Healthcare providers need to use a new tool — the Care Coordination Record — to better manage the patient's entire care experience, writes Ted Quinn, CEO and co-founder of ACT.md.
"A Care Coordination Record bridges the gap between an in-person visit (as recorded in the Electronic Medical Record) and everything else that needs to happen across the care continuum and in-between visits," he points out.

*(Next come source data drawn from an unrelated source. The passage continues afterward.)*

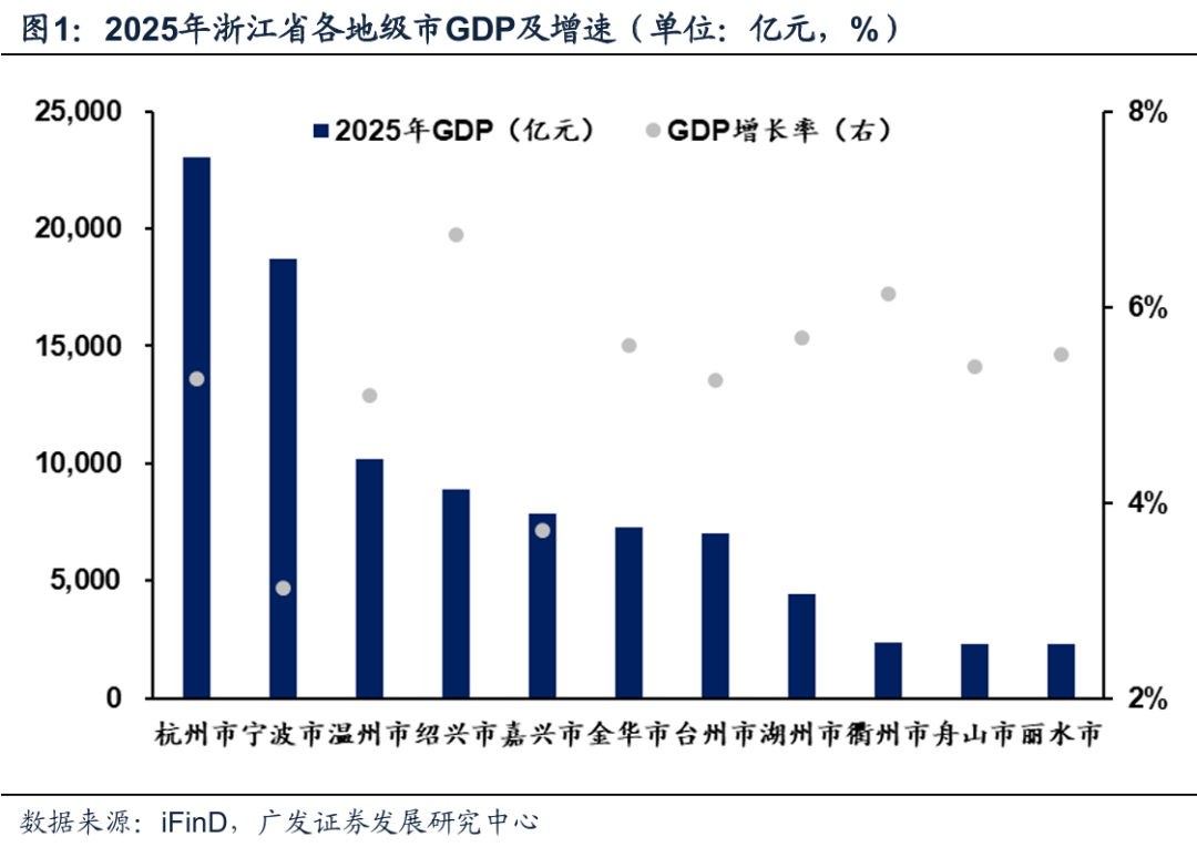 区域经济发展上,2025年杭州GDP占全省比重24.3%,其次为宁波、温州、绍兴,GDP分别为1.87万亿、1.02万亿、0.89万亿。从GDP增速来看,2025年绍兴市GDP增速最高,达6.7%,衢州市增速为6.1%,其余地市GDP增速在5%左右。
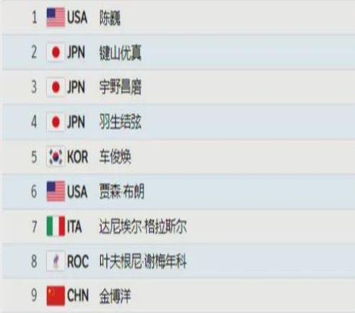 那屆奧運會花滑男單比賽最終的結(jié)果如下,冠軍由美國隊的陳巍獲得,我國選手金博洋排名第九,而羽生結(jié)弦只獲得了第四,排在他的兩個日本隊友之后。
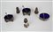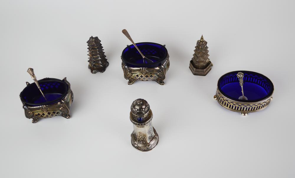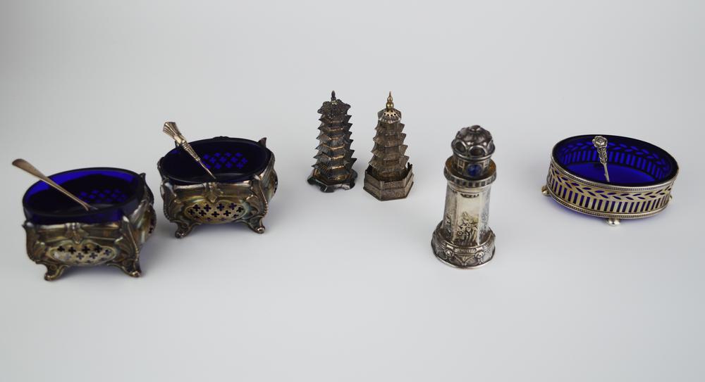 Coppia di saliere in argento a cestino sagomato e traforato, una ovale traforata con interni in vetro blu e cucchiaini. Due saliere orientali in argento modellate a torretta ed un contenitore modellato a faro francese. Europa e oriente sec. XX g 171 (6)
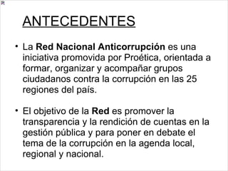 Este documento describe un proyecto para fortalecer la transparencia y el acceso a la información pública en la región de Junín, Perú. El proyecto busca promover la institucionalización de políticas de transparencia a través de la creación de un comité de seguimiento, capacitaciones a funcionarios públicos, y una campaña de sensibilización ciudadana. Según un informe, el portal de transparencia del gobierno regional cumple actualmente con el 63% de la ley de transparencia. El proyecto tiene como objetivo mejorar este cumpl
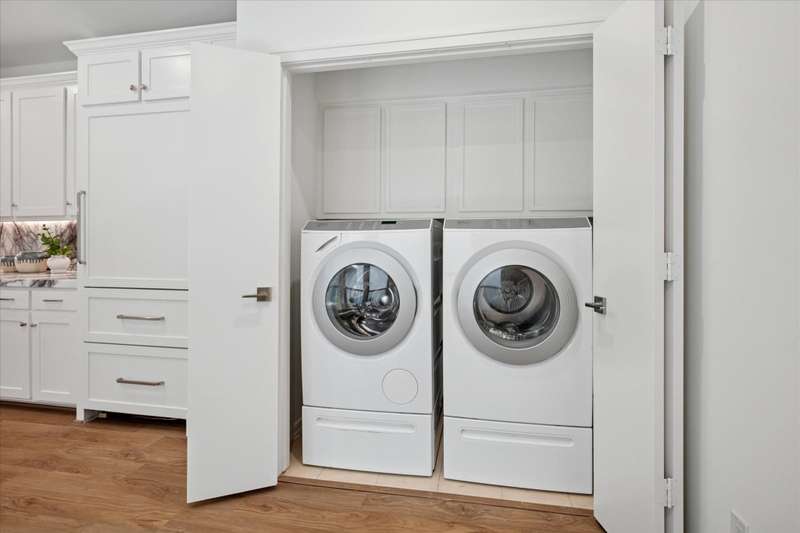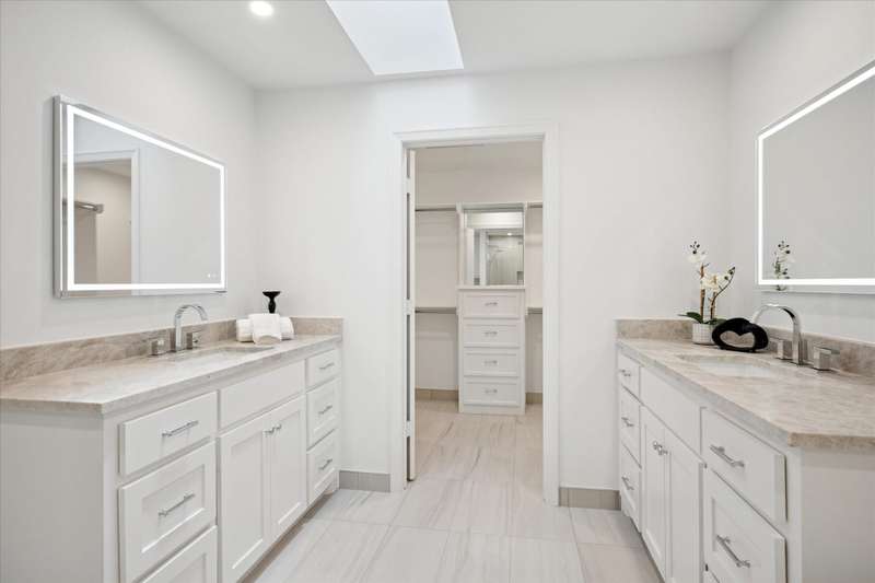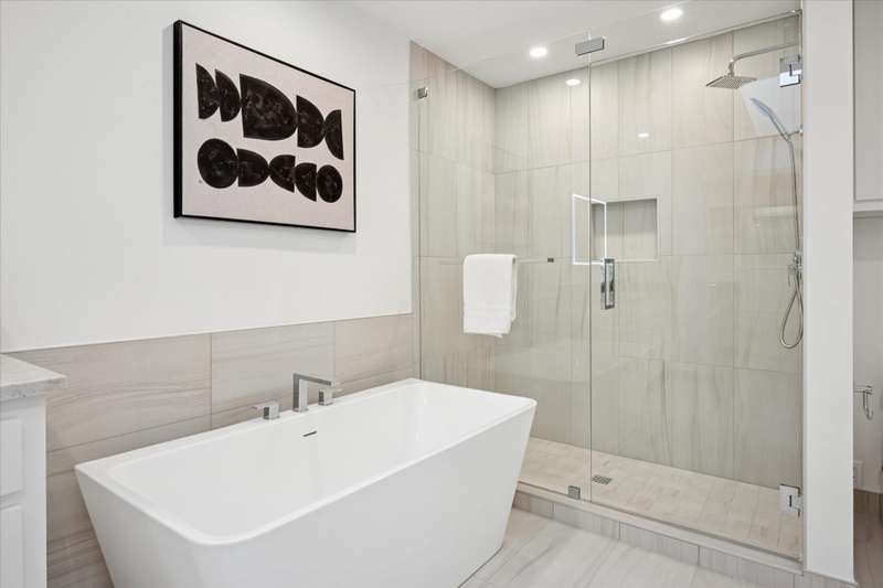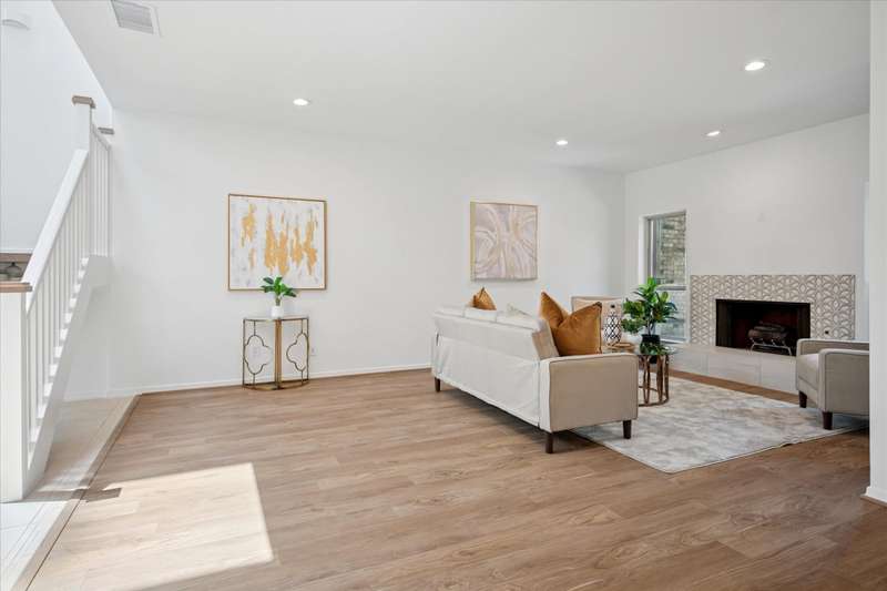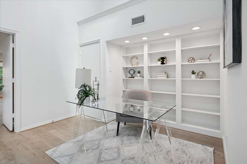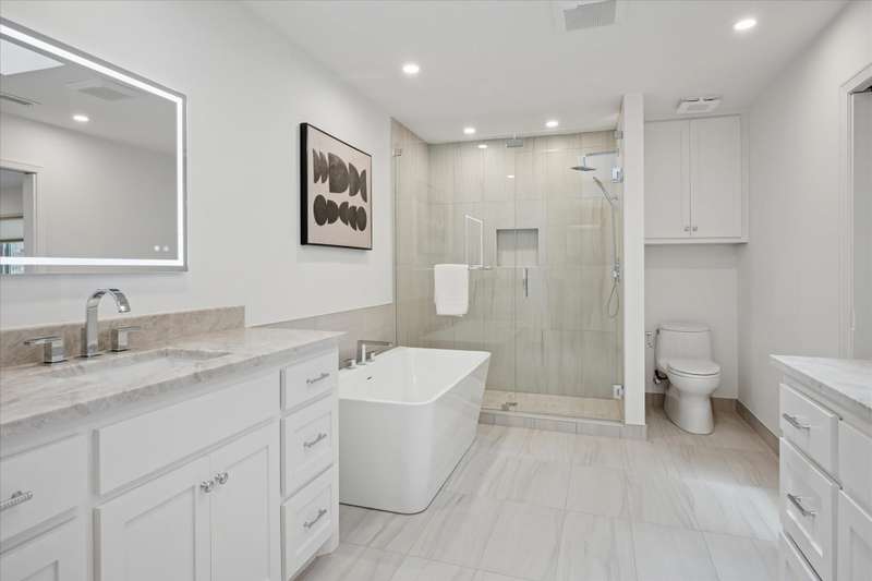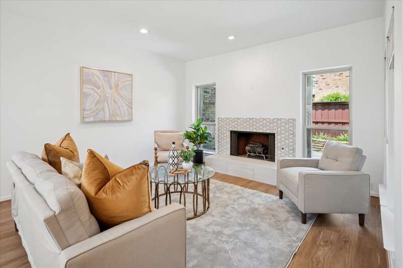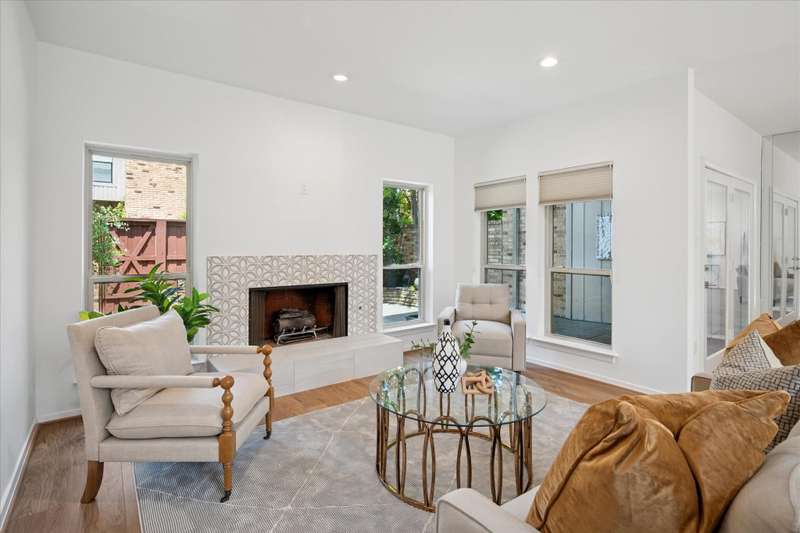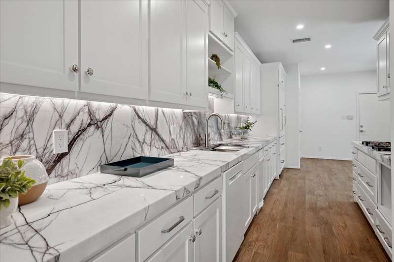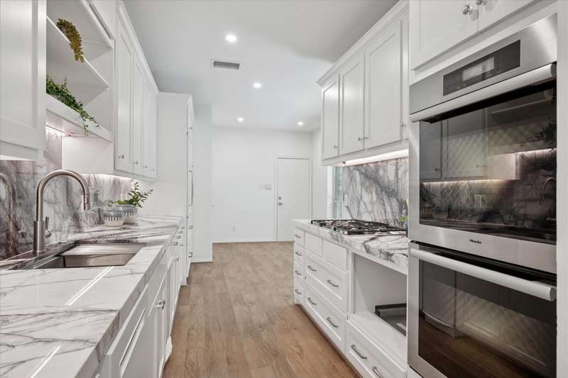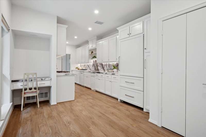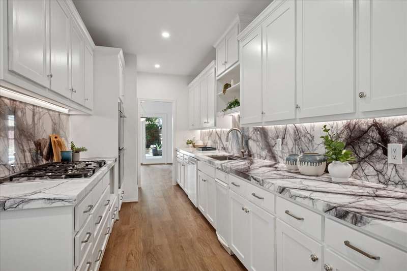 Ultra Sophisticated & Recently Remodeled! This stunning home blends modern luxury with timeless elegance, featuring soaring ceilings, abundant natural light, and courtyard views that evoke the charm of New Orleans. The open, flowing floorplan is anchored by a chefs kitchen reconfigured with precision: a 36 inch Miele gas cooktop with Viking downdraft, Miele double ovens, paneled Sub Zero refrigerator freezer, Bosch dishwasher, and Insta Hot water. Custom soft close cabinetry is finished with designer hardware, while dramatic Lilac Classic Extra marble countertops and full backsplashes make a bold statement. A large stainless sink with integrated accessories and LED under cabinet lighting complete this dream space. The primary suite is a true retreat, offering a sitting area, dual custom walk in closets, and a spa like bath with porcelain tile, his and hers vanities with Taj Mahal countertops, Brizo faucets, lighted defogging mirrors, a freestanding soaking tub, and a frameless glass shower with thermal mixer, rainfall, and hand shower. The secondary suite is equally refined with a new vanity, deep soaking tub, porcelain tile, and skylight. Additional highlights include all new LED lighting, modern ceiling fans, beautiful wood and tile flooring, a dramatic open tread white oak staircase, designer fireplace surround, Hunter Douglas shades, and a loft with built ins under natural skylights. The peaceful stamped concrete patio with planter beds invites outdoor living, while the oversized garage easily accommodates a full size crew cab truck. Miele washer and dryer, refrigerator and freezer in garage, and full sprinkler system are included. Every detail from Toto toilets to Baldwin hardware reflects thoughtful design and high end finishes, creating a home that is both sophisticated and welcoming.

He says the Care Coordination Record includes the following:
- Team: list of everyone involved in the care of the patient, including patients and their family members, clinicians and their support staff, behavioural/mental health professionals, community supports and the payer’s support staff if available
- Plan: a comprehensive, up-to-date care plan that addresses the patient's needs
- Activities: all tasks associated with the coordination of care — clear roles and responsibilities, reliable handoffs, and documentation of completed tasks
- Communications: mechanisms to track communications with all internal and external team members
"Care Coordination Records have the power to connect these elements in a cloud-based, mobile-friendly platform," Quinn writes. "All members of a care team, including external providers, community supports, and family caregivers, can use Care Coordination Records to engage in collaborative care planning, efficiently manage in-between visit care, and make safe, reliable handoffs across the care continuum.
The tool can be likened to the project management platforms used in education and other industries to replace phones, faxes, emails, spreadsheets and sticky notes. "Multistep processes, such as care transitions and referrals, can be readily assigned and managed," Quinn notes, "while real-time communications and analytics monitor the cross-continuum care process and care team interactions."
Previous research has shown that communication — or lack thereof — between hospital clinicians and primary care providers often results in poor care coordination after discharge and a greater chance of patient readmissions. "A failure to communicate in the healthcare setting is not simply an inconvenience, it can result in delayed diagnoses, unnecessary tests, increased costs, and at times, may contribute to avoidable but disastrous clinical outcomes," according to Mitchell D. Feldman, MD, of the Division of General Internal Medicine, Department of Medicine, University of California, San Francisco.